The SEC accuses Berlacher of engaging in illegal PIPE transactions involving 10 companies — Amtech Systems, NaPro BioTherapeutics, Orthovita, Conductus, Central European Distribution, Neoware, Meade Instruments, Radyne ComStream, Cento Corp. and Smith Micro Software.

According to the SEC, Berlacher and the other entities named it the suit made materially false representations to the PIPE issuers to induce them to sell securities. Typically, investors may not participate in a PIPE until they agree not to sell or transfer PIPE shares in a manner that would violate securities laws. That’s important to PIPE issuers, who rely on those promises in order to qualify to have the private offering be exempt from SEC registration.

To avoid detection and regulatory scrutiny, the SEC claims, Berlacher and the other entities named in the SEC’s suit used a variety of deceptive trading techniques, including wash sales, matched orders, and pre-arranged trades, to make it appear that he was covering short sales with open market shares, when, in fact, Berlacher was on both sides of the transactions and was covering the sales with its PIPE shares.

Further, the SEC claims that on at least one question, Berlacher and the other entities engaged in illegal insider trading by selling short the securities of a certain PIPE issuer prior to the public announcement of the PIPE, while using nonpublic information they received when being solicited to invest in the PIPE. Investors in a PIPE typically must agree not to trade on inside information, an agreement that the SEC claims Berlacher made.

The SEC says the actions by Berlacher, Lancaster, and the other entities represent violations of the registration provisions of the Securities Act — known as Ssection 5 — as well as the anti-fraud provisions.

“We are confident that we will defeat the Section 5 claims dealing with the purported use of PIPE shares to cover pre-effective (registration statement) short sales, as they are unlikely to survive even a motion to dismiss much less a trial on the merits,” said Weiner. “As to the insider trading claims, none of the alleged information our clients received was non-public, nor was the PIPE transaction at issue material. There is no decided case law in this area supporting the SEC’s theories. If any of these claims survive a motion to dismiss, which is a very big ‘if,’ we are confident that we will win at trial. Our clients intend to vigorously defend against these spurious claims. And, most of all, our clients look forward to a complete vindication on the merits.”

According to Sagient Research Systems, during the first six months of this year, there were 645 PIPE transactions totaling $22.42 billion in equity and equity-linked capital raised (excluding structured equity lines and Canadian issuers). Although the number of transactions declined slightly compared with the first half of last year, the amount raised represented a 38 percent increase over the total amount raised during the first half of 2006.
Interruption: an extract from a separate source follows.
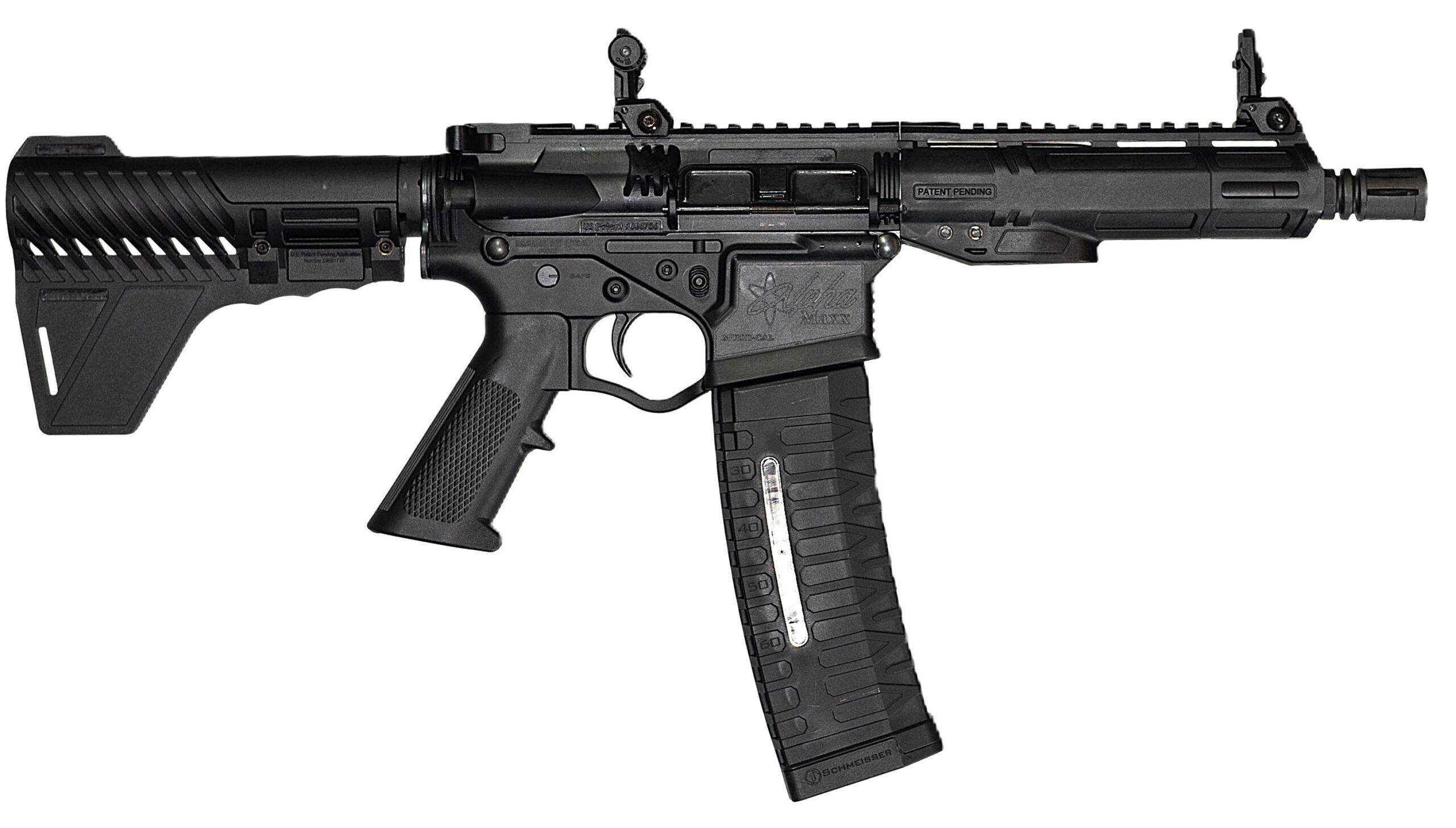 ATI ALPHA MAXX PISTOL IN 5.56X45MM WITH A 7.5 BARREL AND 7 MLOK RAIL WITH 60RD S60 MAGAGAZINE FLIP UP SITES AND REAR FIN

Nearly three years ago, TheStreet.com reported that the SEC issued subpoenas and requests for documents to about 20 brokerage firms and 10 hedge funds in connection with PIPE transactions.
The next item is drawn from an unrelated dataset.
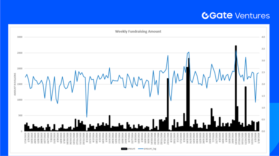 Total weekly fundraising rose to $288.9M for the 3rd week of Jan-2026, an increase of 5% compared to the week prior.

In May 2006, the SEC settled civil charges involving PIPEs against hedge fund adviser Deephaven Capital Management, LLC and its former portfolio manager Bruce Lieberman.

The Commission alleged that they engaged in insider trading from August 2001 to March 2004 on the information that 19 PIPE offerings were about to be publicly announced. In each case, the company’s stock price fell on the announcement of its PIPE offering, the commission charged. The SEC accused Deephaven and Lieberman of learning about confidential material nonpublic details about the upcoming PIPE offerings from placement agents for the companies and then selling the company shares short.
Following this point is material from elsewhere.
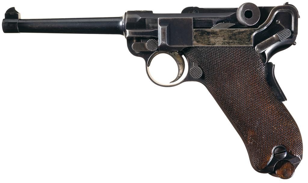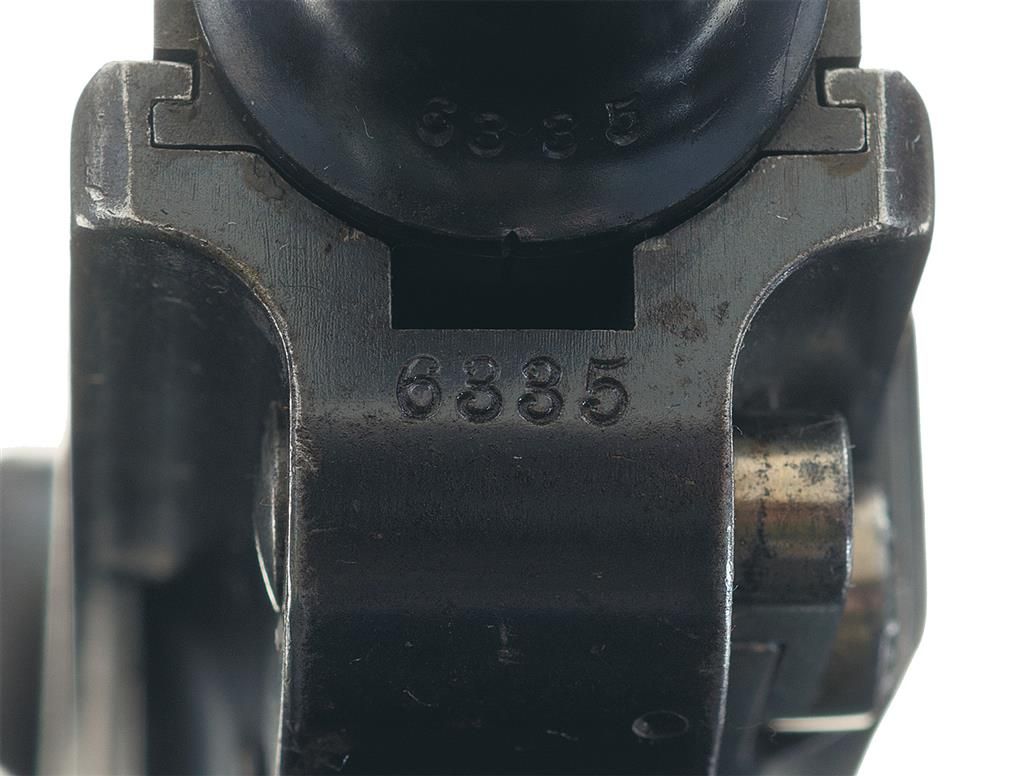 This is a solid representative example of a scarce DWM Model 1900 American Eagle Test Luger that was purchased in August 1901 by the U.S. Ordnance Department for troop trials with the U.S. Cavalry. In April 1900 the Ordnance Board authorized an order for 1,000 DWM model 1900 Luger pistols, which were delivered in two separate lots. Approximately 800 were shipped 26 October 1901 (serial numbers approximately 6,100-7,100 range) and the remaining 200 shipped on Oct 29 1901 (serial numbers in the 7,200 range). This scarce pistol is serial number "6335" and falls well within the known U.S. Test Eagle serial number ranges. These early American Eagle Test Lugers were developed expressly for the U.S. military when they were interested in selecting a replacement pistol for Colt 1894 revolver chambered for the anemic 38 caliber. There were only a total of 1,000 of this model ever manufactured as standard 1900 commercial Lugers with all of them being hand selected at the DWM factory for shipment to the US Army. These Lugers are highly sought after by both German Luger collectors and US Martial handgun collectors. The distinguishing features of these rare "Test/Trials" American Eagle Lugers are: 1) there are no German acceptance proofmarks, 2) they lacked the typical Germany export markings usually found on the front of the frame or under the barrel, 3) some but not all had a small German ordnance proof that resembled the U.S. Ordnance bomb proof located either inside the front frame recess area, of in front of the recoil lug located on the underside of the barrel extension (this example has both) and/or on the bottom of the wooden magazine base, (which this magazine is not marked) and the last two digits of the serial number were stamped on the rounded portion of the opposite side of the takedown lever, (which this example has). At the conclusion of these tests all these Lugers were deemed inadequate for U.S. military use and they were all later sold to Bannermans for resale. The top of the chamber area is correctly marked with the "American Eagle", seal of the United States and are correctly serial numbered in the commercial fashion. They have the early grip safety, recessed breech bolt, dished toggles with toggle locks on the side, and were numbered with the full serial number located on the front of the frame and underside of the barrel with the last two digits of the serial number on the face of the recoil lug, take down lever, side plate, breech bolt, toggle assembly, side of the grip safety and the back side of both grip panels. Originally these pistols had a deep rust blue finish with the heat blue grip screws, front sight blade, and connecting pins. The ejector, toggle link, ejector, takedown lever, trigger, magazine release, and thumb safety lever have a straw color finish. It is fitted with walnut checkered grips and it has a nickel plated magazine body with an unmarked wooden base.

Deephaven agreed to disgorge $2,683,270 in unlawful profits and pay $343,418 in prejudgment interest and a $2,683,270 civil penalty. Lieberman agreed to pay a $110,000 civil penalty and signed on to a commission order barring him from associating with any investment advisers for at least three years.

In April 2005, Friedman Billings Ramsey offered to pay $7.5 million to the SEC and the National Association of Securities Dealers to settle charges related to trading in a company account and the October 2001 offering of a PIPE on behalf of CompuDyne Inc.